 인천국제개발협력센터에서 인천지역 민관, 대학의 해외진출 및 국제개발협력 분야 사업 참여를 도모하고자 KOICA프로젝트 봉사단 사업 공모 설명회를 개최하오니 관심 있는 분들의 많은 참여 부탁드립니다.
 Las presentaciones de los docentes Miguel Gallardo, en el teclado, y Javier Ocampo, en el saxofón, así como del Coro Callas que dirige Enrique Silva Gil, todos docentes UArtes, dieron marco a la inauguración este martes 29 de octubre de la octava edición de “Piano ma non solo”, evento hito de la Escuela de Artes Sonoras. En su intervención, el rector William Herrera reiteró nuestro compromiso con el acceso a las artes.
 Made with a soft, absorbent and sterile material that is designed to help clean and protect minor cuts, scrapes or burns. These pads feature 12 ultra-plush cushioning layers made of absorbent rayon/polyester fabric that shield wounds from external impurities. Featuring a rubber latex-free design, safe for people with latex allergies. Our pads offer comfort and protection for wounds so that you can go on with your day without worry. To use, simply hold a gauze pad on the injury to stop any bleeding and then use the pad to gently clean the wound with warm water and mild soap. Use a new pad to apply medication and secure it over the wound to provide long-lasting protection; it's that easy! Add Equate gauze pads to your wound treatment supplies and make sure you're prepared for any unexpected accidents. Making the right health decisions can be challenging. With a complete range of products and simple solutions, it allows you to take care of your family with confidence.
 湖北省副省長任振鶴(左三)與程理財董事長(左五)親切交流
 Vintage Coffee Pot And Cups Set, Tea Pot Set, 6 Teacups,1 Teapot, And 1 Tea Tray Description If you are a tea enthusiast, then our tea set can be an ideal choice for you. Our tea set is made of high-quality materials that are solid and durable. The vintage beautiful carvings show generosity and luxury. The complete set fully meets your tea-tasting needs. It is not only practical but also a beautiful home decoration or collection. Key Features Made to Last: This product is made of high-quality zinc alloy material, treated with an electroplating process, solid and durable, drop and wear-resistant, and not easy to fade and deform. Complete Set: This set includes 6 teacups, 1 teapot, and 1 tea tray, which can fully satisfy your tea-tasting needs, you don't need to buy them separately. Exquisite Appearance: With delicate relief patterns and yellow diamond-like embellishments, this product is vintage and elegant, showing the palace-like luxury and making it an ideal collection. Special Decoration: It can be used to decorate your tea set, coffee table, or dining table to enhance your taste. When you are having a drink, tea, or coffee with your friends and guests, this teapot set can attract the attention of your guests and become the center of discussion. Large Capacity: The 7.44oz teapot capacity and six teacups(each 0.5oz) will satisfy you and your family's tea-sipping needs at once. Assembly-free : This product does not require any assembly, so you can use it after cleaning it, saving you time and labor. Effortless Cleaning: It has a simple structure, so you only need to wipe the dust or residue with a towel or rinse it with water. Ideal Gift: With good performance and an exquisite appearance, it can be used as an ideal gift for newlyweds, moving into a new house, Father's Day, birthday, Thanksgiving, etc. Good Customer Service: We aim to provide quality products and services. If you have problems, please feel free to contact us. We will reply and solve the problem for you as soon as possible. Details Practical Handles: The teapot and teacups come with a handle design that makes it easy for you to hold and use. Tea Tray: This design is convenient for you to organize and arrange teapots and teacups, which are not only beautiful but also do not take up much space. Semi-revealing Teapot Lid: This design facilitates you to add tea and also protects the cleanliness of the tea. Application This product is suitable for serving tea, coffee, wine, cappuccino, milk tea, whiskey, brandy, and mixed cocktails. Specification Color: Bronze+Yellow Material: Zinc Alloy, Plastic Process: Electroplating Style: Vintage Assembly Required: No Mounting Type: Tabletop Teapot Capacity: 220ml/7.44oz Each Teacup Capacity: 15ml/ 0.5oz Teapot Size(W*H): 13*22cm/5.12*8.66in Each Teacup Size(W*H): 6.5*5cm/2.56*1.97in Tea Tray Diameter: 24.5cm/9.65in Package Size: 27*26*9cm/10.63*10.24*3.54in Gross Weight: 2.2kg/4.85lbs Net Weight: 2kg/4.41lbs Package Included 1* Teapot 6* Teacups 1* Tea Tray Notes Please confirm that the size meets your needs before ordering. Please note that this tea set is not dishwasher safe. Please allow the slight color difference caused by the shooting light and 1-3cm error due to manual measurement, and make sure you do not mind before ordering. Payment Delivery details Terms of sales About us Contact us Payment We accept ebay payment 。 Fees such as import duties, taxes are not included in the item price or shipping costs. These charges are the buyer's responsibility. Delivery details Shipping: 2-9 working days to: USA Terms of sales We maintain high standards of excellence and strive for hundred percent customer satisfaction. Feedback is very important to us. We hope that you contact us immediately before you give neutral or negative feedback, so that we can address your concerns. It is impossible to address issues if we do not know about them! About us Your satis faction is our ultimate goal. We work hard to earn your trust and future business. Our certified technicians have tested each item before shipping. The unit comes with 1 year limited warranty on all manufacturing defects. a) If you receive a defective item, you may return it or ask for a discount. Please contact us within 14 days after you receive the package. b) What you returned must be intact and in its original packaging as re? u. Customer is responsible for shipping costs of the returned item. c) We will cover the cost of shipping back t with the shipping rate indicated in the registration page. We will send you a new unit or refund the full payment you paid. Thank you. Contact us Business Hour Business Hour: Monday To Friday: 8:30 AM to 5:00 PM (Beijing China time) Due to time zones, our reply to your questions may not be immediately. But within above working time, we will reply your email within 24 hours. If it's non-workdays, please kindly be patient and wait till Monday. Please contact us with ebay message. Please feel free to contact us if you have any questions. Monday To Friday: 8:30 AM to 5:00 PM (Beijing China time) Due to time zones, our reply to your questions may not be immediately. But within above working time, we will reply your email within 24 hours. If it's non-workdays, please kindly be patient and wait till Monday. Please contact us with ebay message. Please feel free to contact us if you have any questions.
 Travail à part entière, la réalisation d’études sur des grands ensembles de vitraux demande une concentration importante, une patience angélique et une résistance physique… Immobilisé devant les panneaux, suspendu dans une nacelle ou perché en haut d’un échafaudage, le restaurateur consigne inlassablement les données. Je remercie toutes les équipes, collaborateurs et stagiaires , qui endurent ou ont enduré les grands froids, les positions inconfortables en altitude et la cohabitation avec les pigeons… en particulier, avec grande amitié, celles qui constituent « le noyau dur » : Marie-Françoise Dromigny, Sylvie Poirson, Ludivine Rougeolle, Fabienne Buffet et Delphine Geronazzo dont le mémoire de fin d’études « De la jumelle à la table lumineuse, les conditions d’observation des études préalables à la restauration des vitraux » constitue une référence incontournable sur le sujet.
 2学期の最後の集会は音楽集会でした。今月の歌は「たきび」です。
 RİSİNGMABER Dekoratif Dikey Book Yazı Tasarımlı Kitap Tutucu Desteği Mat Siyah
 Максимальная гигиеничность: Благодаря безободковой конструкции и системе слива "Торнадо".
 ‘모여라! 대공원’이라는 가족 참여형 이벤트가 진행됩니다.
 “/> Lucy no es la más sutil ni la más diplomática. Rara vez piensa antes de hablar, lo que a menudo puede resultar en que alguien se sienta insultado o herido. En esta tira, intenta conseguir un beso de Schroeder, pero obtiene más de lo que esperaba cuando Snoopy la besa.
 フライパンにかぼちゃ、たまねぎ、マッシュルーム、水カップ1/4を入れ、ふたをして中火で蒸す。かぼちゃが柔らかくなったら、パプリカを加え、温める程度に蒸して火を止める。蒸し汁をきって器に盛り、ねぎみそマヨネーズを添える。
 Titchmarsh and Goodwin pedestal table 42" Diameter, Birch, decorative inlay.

━━━━━━━━

» Description of the task
Starting from the line containing "フライパンにかぼちゃ、たまね", repeat each line through the end of the entries, exactly.

» Solution below
 フライパンにかぼちゃ、たまねぎ、マッシュルーム、水カップ1/4を入れ、ふたをして中火で蒸す。かぼちゃが柔らかくなったら、パプリカを加え、温める程度に蒸して火を止める。蒸し汁をきって器に盛り、ねぎみそマヨネーズを添える。
 Titchmarsh and Goodwin pedestal table 42" Diameter, Birch, decorative inlay.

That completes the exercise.